(Task description) An image-free reproduction of the data below is needed: print it exactly.

(Input records)
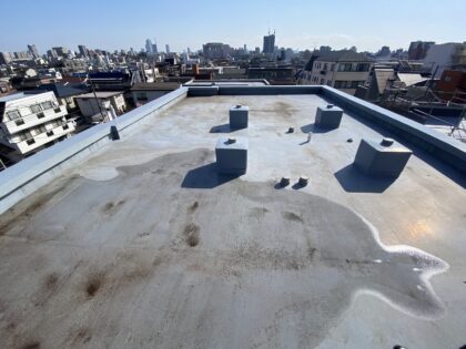 屋上防水工事 防水層穿孔 平場(4穴/㎡) ウレタン防水通気工法 脱気筒工事 改修用ドレン工事 ウレタン塗膜防水 パラペット笠木+立上りウレタン防水 板橋区双葉町マンションS
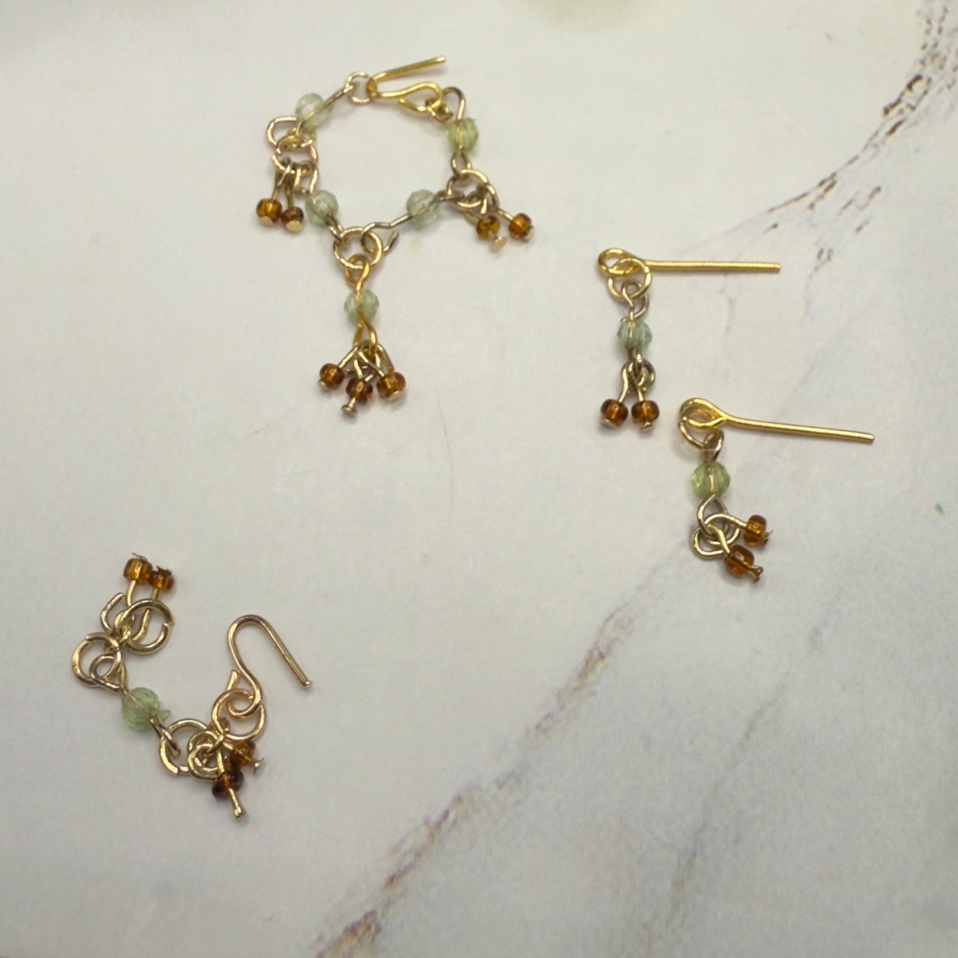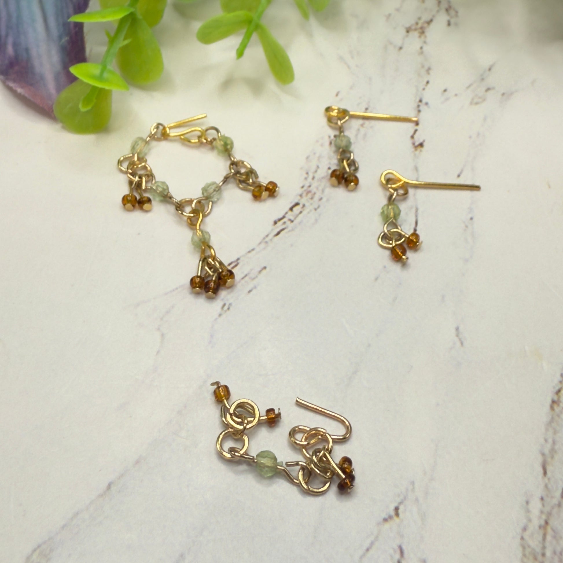 Green Brown Glass Dangle Doll Necklace Earrings Bracelet Set • 10-12” 1:6 Fashion Doll Jewelry
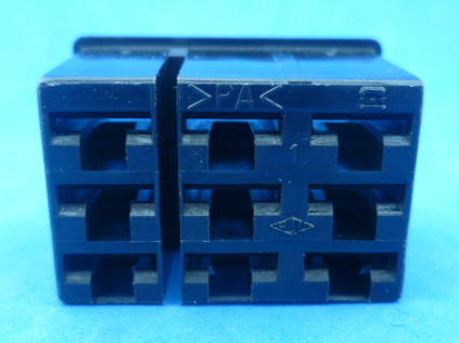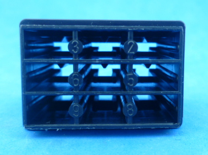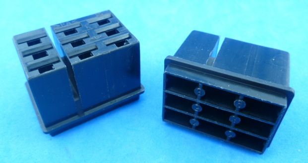 Zwart leeg stekkerblok 9 polig. LET OP, dit is maar 1 stekkerhuis, de foto is van voorkant en achterkant. Hierin passen 'normale' 6,3 mm schuifstekkers met weerhaakje, in mijn webshop zijn dat bestelnummers die beginnen met 3-2922.
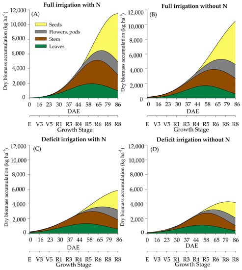 Total dry biomass of soybean plants under full irrigation with N (A), full irrigation without N (B), deficit irrigation with N (C), and deficit irrigation without N (D).
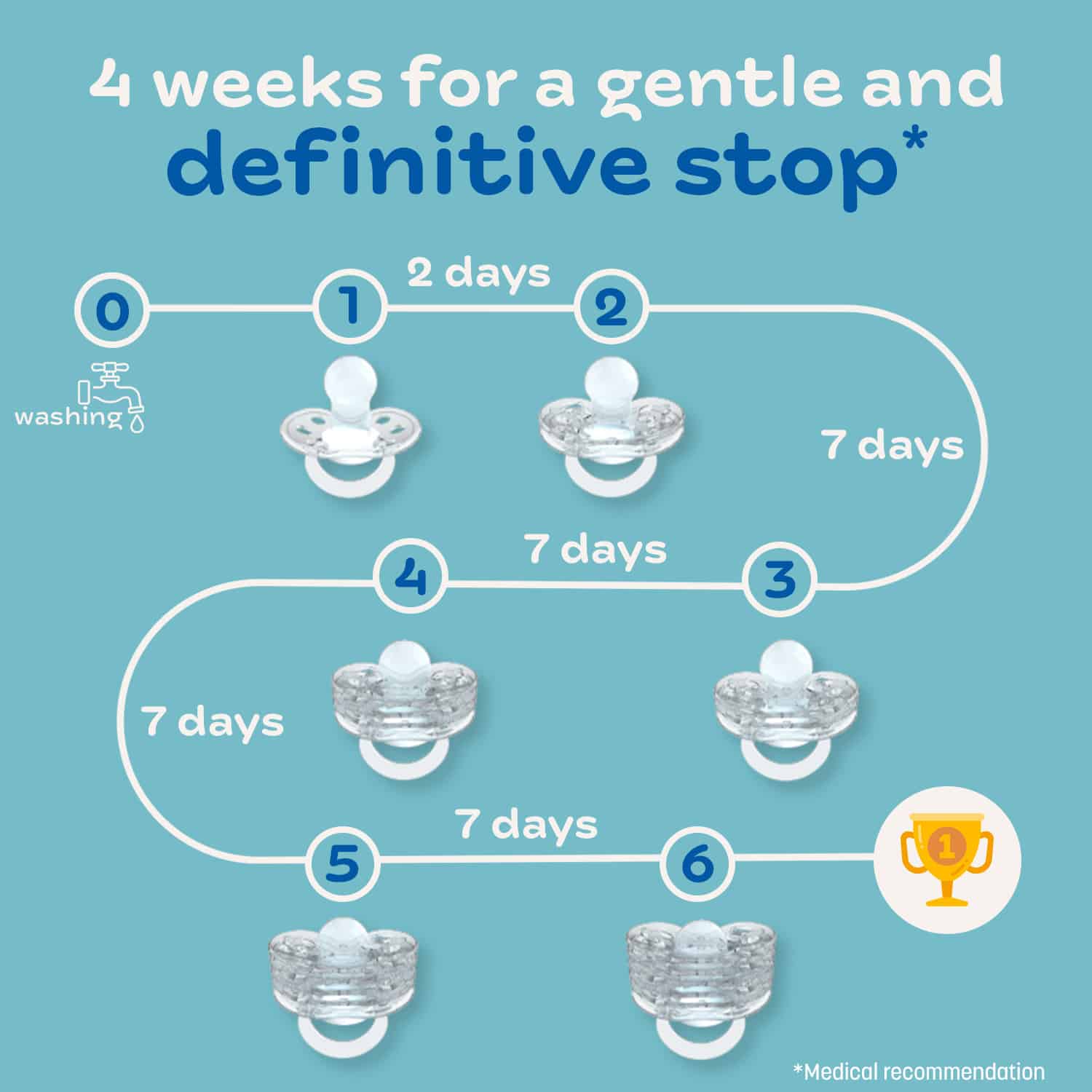 These weaning shields help wean your child off their dummy, little by little, by reducing the sucking habit in 5 stages.
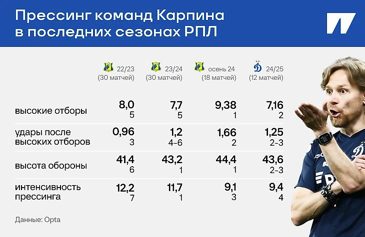 В последние полтора сезона при Карпине у «Ростова» была самая высокая линия обороны в лиге. «В «Ростов» приходили футболисты, которые не были готовы играть в тот футбол, который мы требовали. Через год они в него играли. Если футболисты захотят и смогут, то будут это делать», – говорил тренер на первой пресс-конференции в «Динамо».
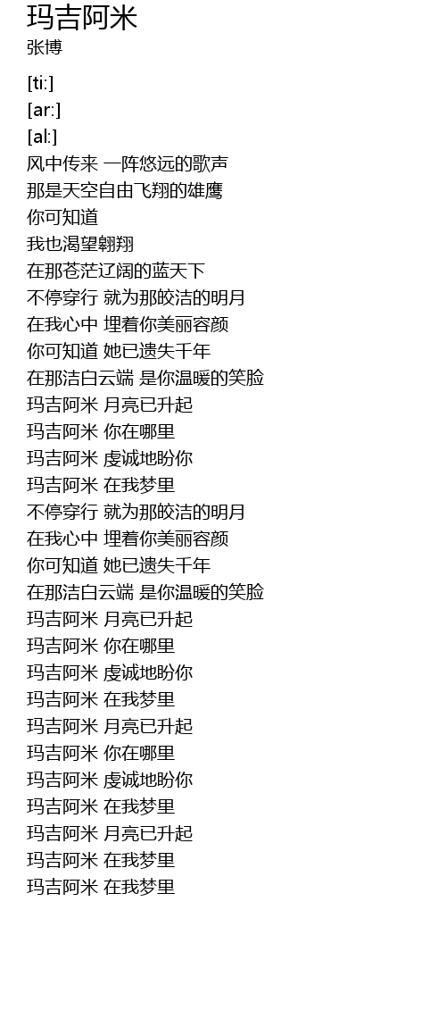 | [03:38.20] | 玛吉阿米 你在哪里 |

(Completed task)
 屋上防水工事 防水層穿孔 平場(4穴/㎡) ウレタン防水通気工法 脱気筒工事 改修用ドレン工事 ウレタン塗膜防水 パラペット笠木+立上りウレタン防水 板橋区双葉町マンションS
 Green Brown Glass Dangle Doll Necklace Earrings Bracelet Set • 10-12” 1:6 Fashion Doll Jewelry
 Zwart leeg stekkerblok 9 polig. LET OP, dit is maar 1 stekkerhuis, de foto is van voorkant en achterkant. Hierin passen 'normale' 6,3 mm schuifstekkers met weerhaakje, in mijn webshop zijn dat bestelnummers die beginnen met 3-2922.
 Total dry biomass of soybean plants under full irrigation with N (A), full irrigation without N (B), deficit irrigation with N (C), and deficit irrigation without N (D).
 These weaning shields help wean your child off their dummy, little by little, by reducing the sucking habit in 5 stages.
 В последние полтора сезона при Карпине у «Ростова» была самая высокая линия обороны в лиге. «В «Ростов» приходили футболисты, которые не были готовы играть в тот футбол, который мы требовали. Через год они в него играли. Если футболисты захотят и смогут, то будут это делать», – говорил тренер на первой пресс-конференции в «Динамо».
 | [03:38.20] | 玛吉阿米 你在哪里 |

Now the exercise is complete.